Männer sind viel öfter von einer Farbsehschwäche betroffen als Frauen. Und einige wissen wohl nicht mal, dass sie darunter leiden. Was es genau mit dem Phänomen auf sich hat, wie es sich damit lebt und welche Hürden in der technischen Welt sowie im Gaming-Bereich bestehen, klären wir im Interview mit Nicolas Franken.

Der 25-jährige Nicolas Franken ist gelernter Mediamatiker, studiert an der Hochschule für Technik und Wirtschaft in Chur, und ist gerade daran, die Bachelor-Arbeit für den Studiengang «Multimediaproducer» zu schreiben. Die gewählte Thematik: «Farbfehlsichtigkeit im Web».

Wir sitzen in der hauseigenen Café-Bar namens «Pause». Sie besticht von der Einrichtung her mit sehr viel Grünzeug – man fühlt sich wie in einem kleinen Urwald abseits des stressigen Alltages. Quasi der perfekte Ort, um dem Phänomen Farbsehschwäche auf den Grund zu gehen.

Sag mal; der Tisch, an welchem wir sitzen, welche Farbe hat er?
Nicolas Franken: Naja, also für mich sieht er weiss aus. Zumindest da, wo die Sonne drauf scheint.

Und hier, wo es Schatten hat?
Da ist er grau. Wobei, so wie du mich anschaust, wird er wohl eher einen Grünton haben. Vielleicht mintgrün?

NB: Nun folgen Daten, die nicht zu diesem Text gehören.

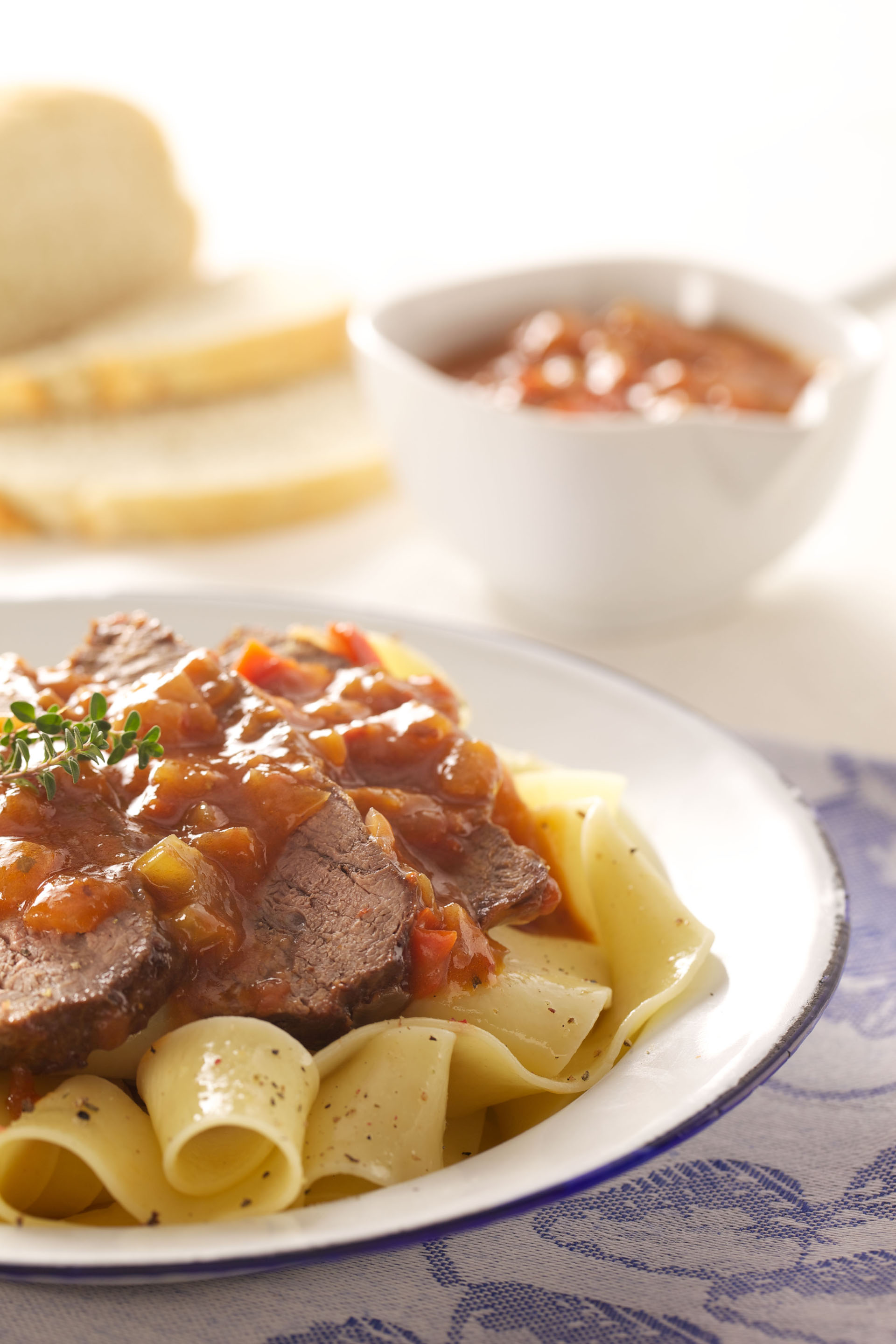 Colocar suficiente agua en una cacerola grande, una vez que comienza a hervir añadir la sal y verter la pasta seca sin cortar. Cocinar hasta que esté al dente. Retirarlos del fuego, colar, refrescar con un chorro de agua fría y disponerlos en una fuente. Verter por encima la salsa con la carne estofada en rodajas. Cubrir con abundante queso rallado y servir bien caliente.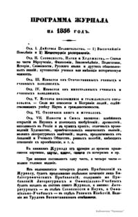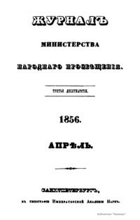 Журнал Министерства народного просвещения выходил с 1834-го по 1917 год. Официальный периодический журнал об успехах просвещения в России. Издатели журнала уверены в том, что «если для каждого человека необходим выход из грубой тьмы невежества и беспрерывное дальнейшее движение к свету, то для народов необходимо попечительное участие правительства в образовании. Только правительство имеет все средства знать и высоту успехов всемирного образования, и настоящие нужды Отечества».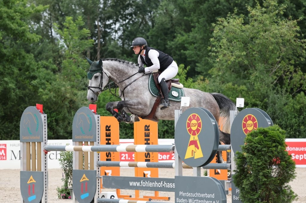Askaryan v. Asca/Little Rock Gold (Z.: Heinz Walz, B.: Haupt- und Landgestüt Marbach) Landeschampion der 4j Springpferdee unter Eva-Maria Lühr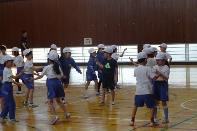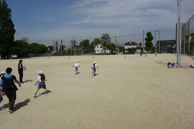 1組は体育館で身体ならしのゲーム、2組は身体測定を受けていました。3組は校庭で50m走に挑戦。1年生が入学してお兄さんお姉さんになった2年生。笑顔で様々な学習に取り組んでいます。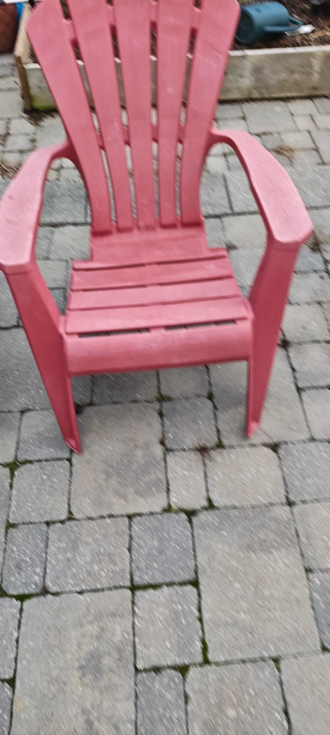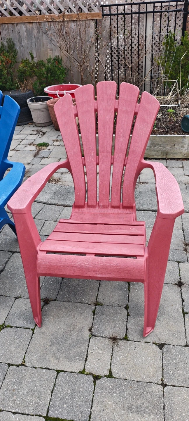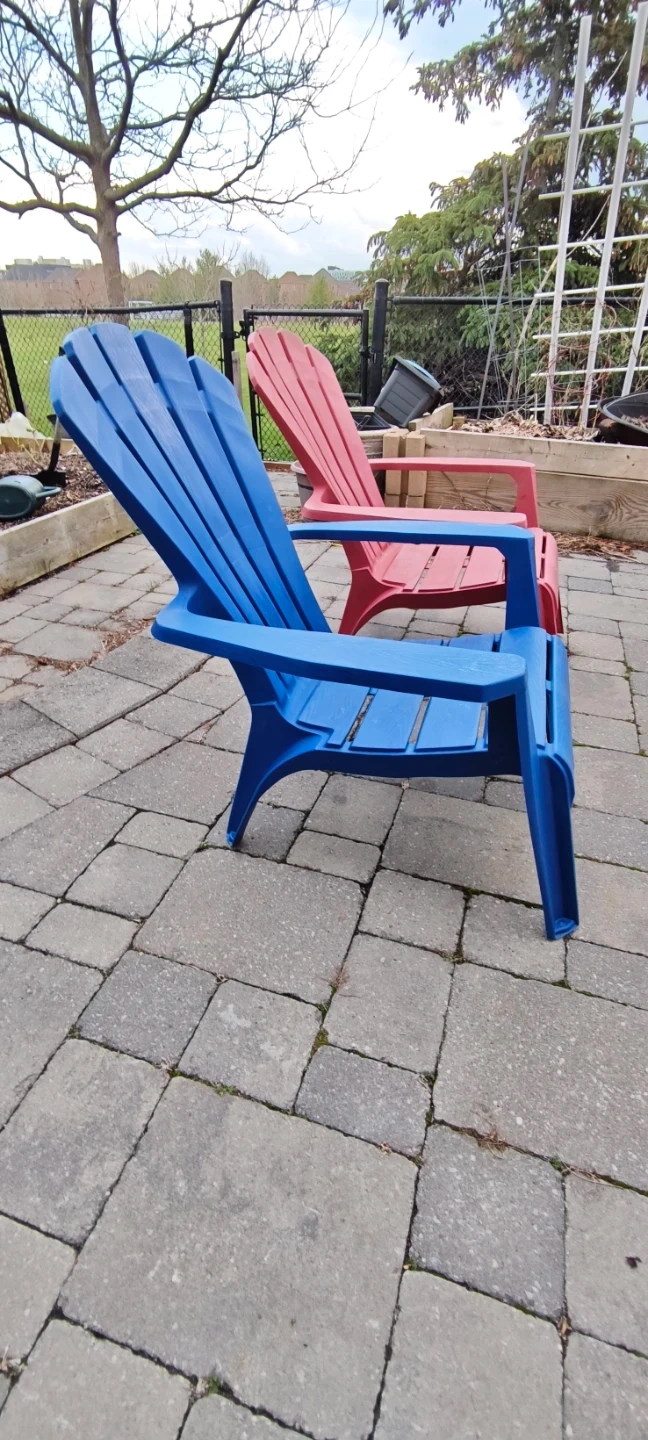 Two classic Adirondack chairs, one in blue and one in red. Made from durable plastic for outdoor use. These chairs offer a comfy spot to relax on your patio or in the garden.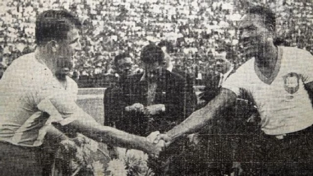 Salomón saluda al capitán brasileño Domingos Da Guia antes del partido decisivo del Sudamericano de 1946.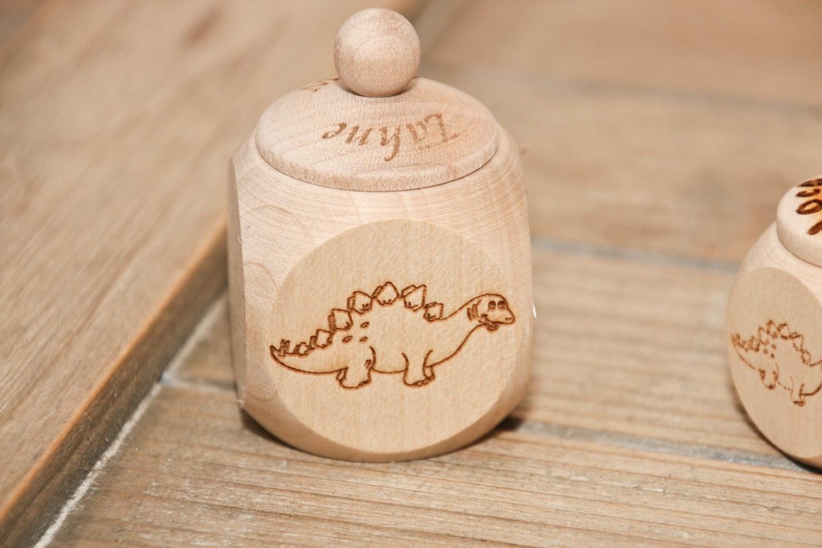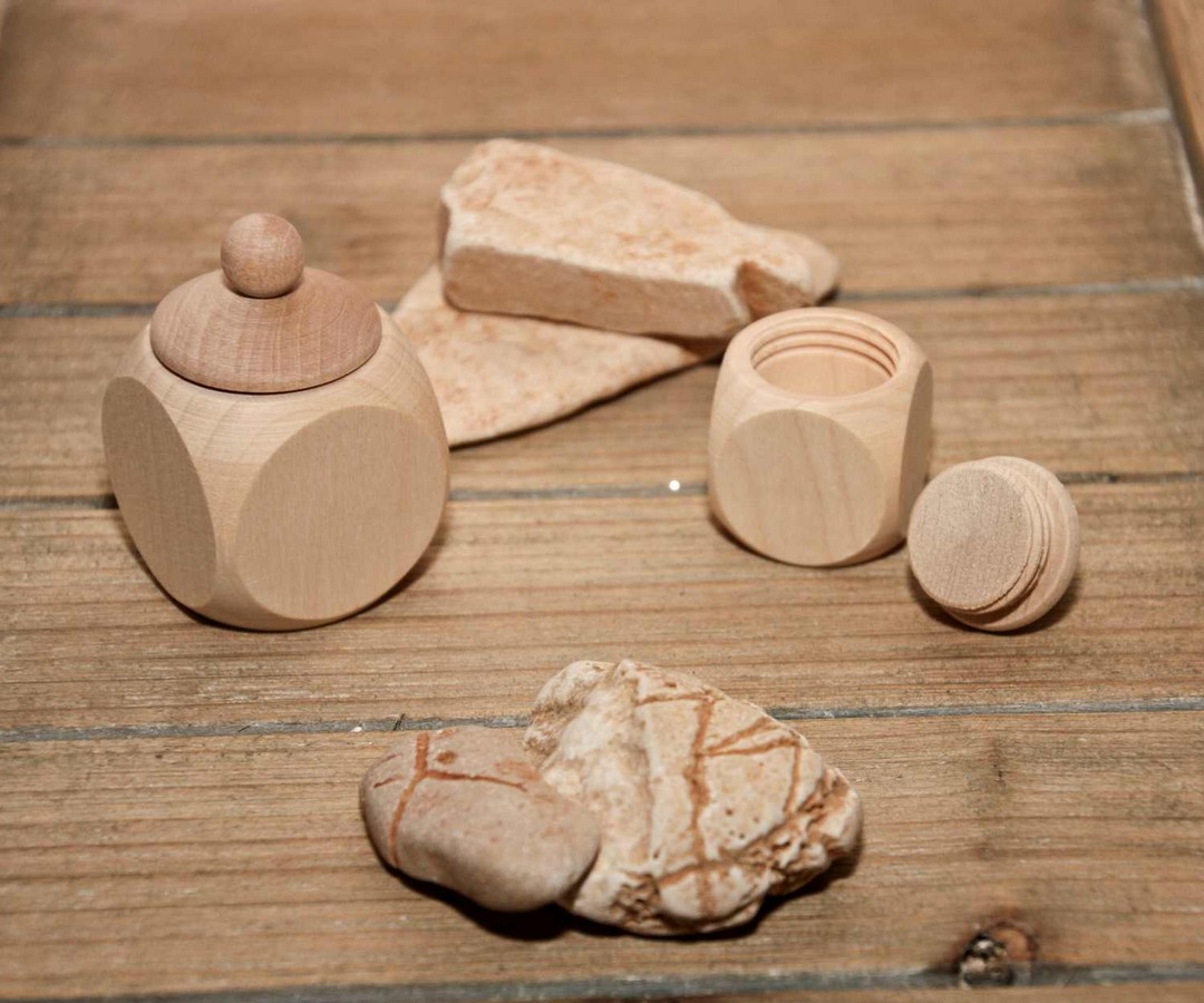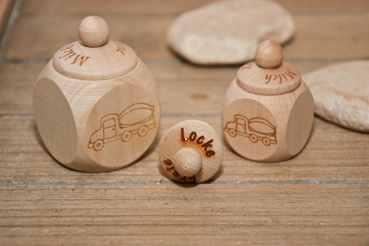 Diese Dose aus unbehandeltem einheimischen Ahornholz eignet sich durch den festen Schraubverschluß gut als sichere Aufbewahrung für Milchzähne, die erste Locke, Pillen ...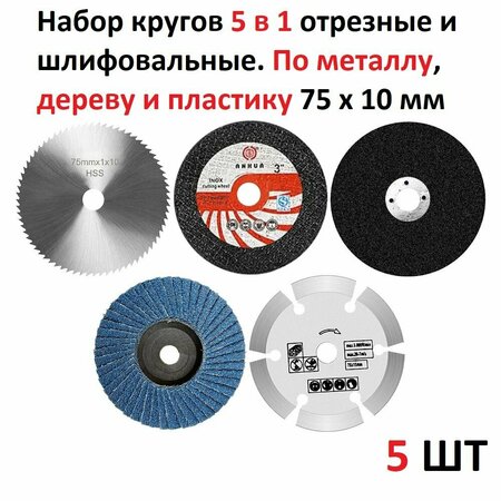 Набор кругов HILDA из 5 штук для аккумуляторной мини болгарки УШМ 75мм. Предназначены под разные виды работ с различным материалом: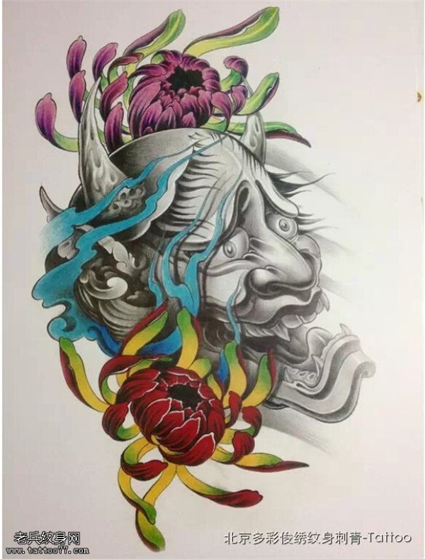 能面万媚纹身手稿_52张日式能剧面具纹身手稿图案素材欣赏

Nicolas, wann hast du bemerkt, dass du Farben anders wahrnimmst als deine Mitmenschen?
Bis Ende November 2018 ging ich davon aus, dass ich eine schwache Rot-Grün-Sehschwäche habe. Bemerkt hat es mein Lehrer in der 6. Klasse. Er erklärte uns im Deutschunterricht die vier Fälle und benutzte für jeden Fall am Whiteboard eine andere Markerfarbe. Versehentlich habe ich den rot gekennzeichneten Fall als grün bezeichnet.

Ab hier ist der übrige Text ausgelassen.